- Born: Wilbur Hering Armacost, Jr. August 6, 1893 Green Valley, Illinois
- Died: September 23, 1971 (aged 78) Litchfield Park, Arizona
- Resting place: Prairie Rest Cemetery
- Education: Armour Institute of Technology
- Parents: Daniel Nicholas Armacost (father); Mary Ellen McCord (mother);
- Engineering career
- Discipline: Mechanical engineering
- Awards: 1948 ASM; 1951 Stevens Honor Award Medallion; 1958 ASME Medal;

= Wilbur H. Armacost =

American mechanical engineer and inventor

Wilbur Hering Armacost, Jr. (August 6, 1893 - September 23, 1971) was an American mechanical engineer, vice president-consultant of Combustion Engineering, Inc., New York, and inventor. He is known as pioneer developer of materials adaptable to high temperatures and pressure, and designer of high-temperature high-pressure steam engines. He was recipient of the 1958 ASME Medal for distinguished service in engineering and science.

== Biography ==
=== Youth, family education, and early career ===
Armacost was born in the 1893 in Green Valley, Illinois, son of Daniel Nicholas Armacost (1851–1940), and Mary Ellen (McCord) Armacost (1857–1947). Armacost was named after his grandfather Wilbur Hering Armacost, Sr., who had been a tax collector in the 8th district in Western Maryland.

Armacost graduated from the Armour Institute of Technology, now Illinois Institute of Technology, with a BSc in mechanical engineering in 1916. He had written a BSc thesis with Frederic P. Strauch, entitled "Capacity and efficiency test of an autovacuum refrigerating machine."

After his graduation in 1916 he started working as engineer at the Union Stock Yard & Transit Co. in the meatpacking district in Chicago, and became member of the American Society of Mechanical Engineers. Next he worked for the Armour and Company in Chicago as superintendent of 1600 boiler at the H-P plant for reclaiming potash from cotton seed in 1916-17.

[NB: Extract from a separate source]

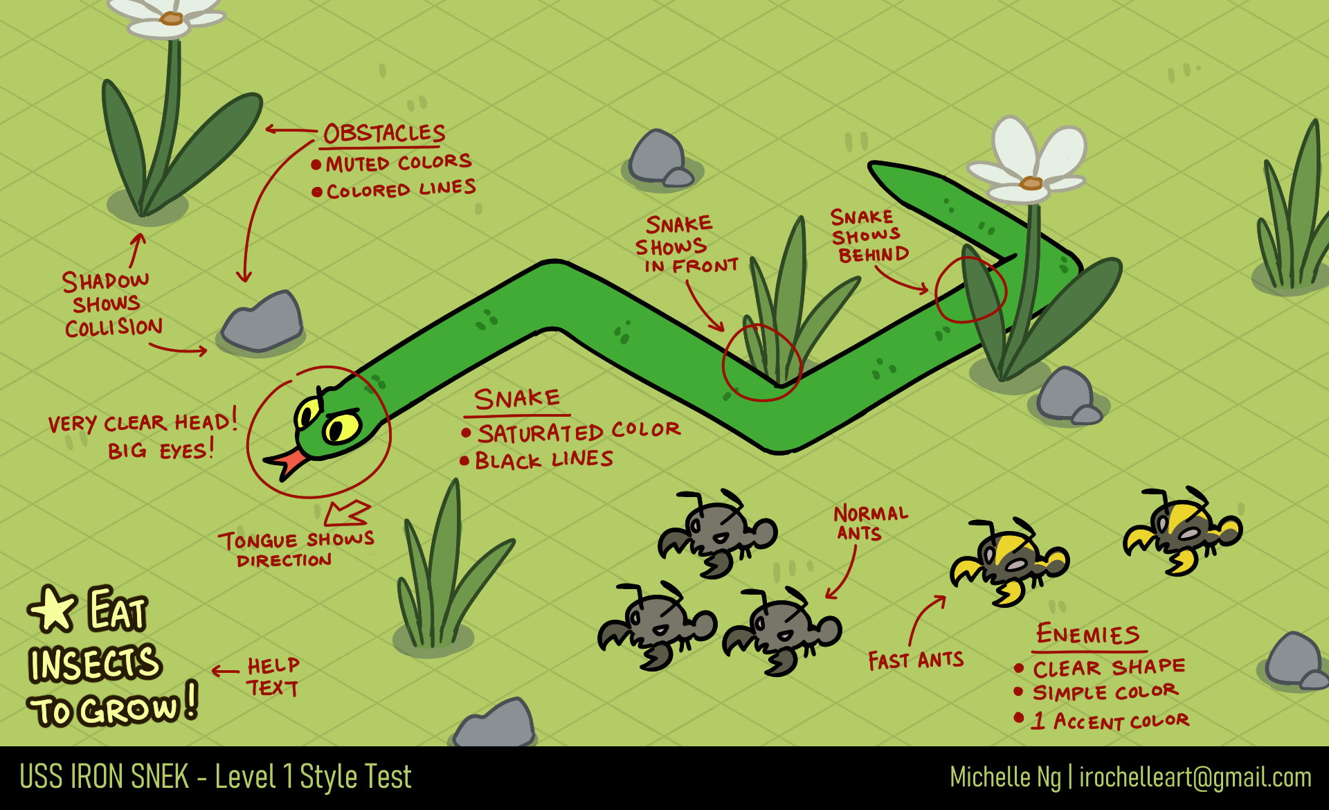 Splash art, art direction style guides, and game assets I created for Kaboom-Aconda. Submission to GMTK Game Jam 2024 "Kaboom-Aconda: Feed your snake to grow and take over the world!"

=== Further career and acknowledgement ===
In the interbellum Armacost worked as research and design engineer for the Ford Motor Company in Detroit, and the Locomotive Superheater Company, before it merged into and Combustion Engineering in 1948. In 1937 Armacost started at Combustion Engineering as chief engineer.

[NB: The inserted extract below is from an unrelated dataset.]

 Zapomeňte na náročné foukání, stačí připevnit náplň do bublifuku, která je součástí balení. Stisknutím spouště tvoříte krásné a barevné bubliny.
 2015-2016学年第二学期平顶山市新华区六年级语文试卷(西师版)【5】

In 1944 he was elected vice-president of the Combustion Engineering Co. in charge of marine activities, to succeed the late engineer and inventor F. H. Rosencrants. and in 1948 vice-president in charge of engineering. Bij 1958 Armacost was vice president-consultant and chairman of the technical committee at Combustion Engineering.

Armacost received an award for distinguished service from the American Society for Metals (ASM) in 1948, the Stevens Honor Award Medallion from the Stevens Institute of Technology in 1951, and the ASME Medal from the ASME in 1958. He received about 75 patents.

Armacost died September 23, 1971, in Litchfield Park, Arizona, and he was buried at the Prairie Rest Cemetery in Tazewell County, Illinois.

== Selected publications ==
- Frederic P Strauch & Wilbur H Armacost. Capacity and efficiency test of an autovacuum refrigerating machine. Armour Institute of Technology, 1916

- Patents, a selection
- Armacost, Wilbur H. "Boiler with reheater." U.S. Patent No. 1,931,948. 24 Oct. 1933.
- Armacost, Wilbur H., and David M. Schoenfeld. "Gas turbine plant." U.S. Patent No. 2,404,938. 30 Jul. 1946.
- Armacost, Wilbur H. "Combined radiant and convection superheater." U.S. Patent No. 2,213,185. 3 Sep. 1940.
- Armacost, Wilbur H., and Leonard J. Marshall. "Art of generating and heating steam." U.S. Patent No. 2,781,746. 19 Feb. 1957.
- Armacost, Wilbur H. "Apparatus and method for controlling a forced flow once-through steam generator." U.S. Patent No. 3,038,453. 12 Jun. 1962.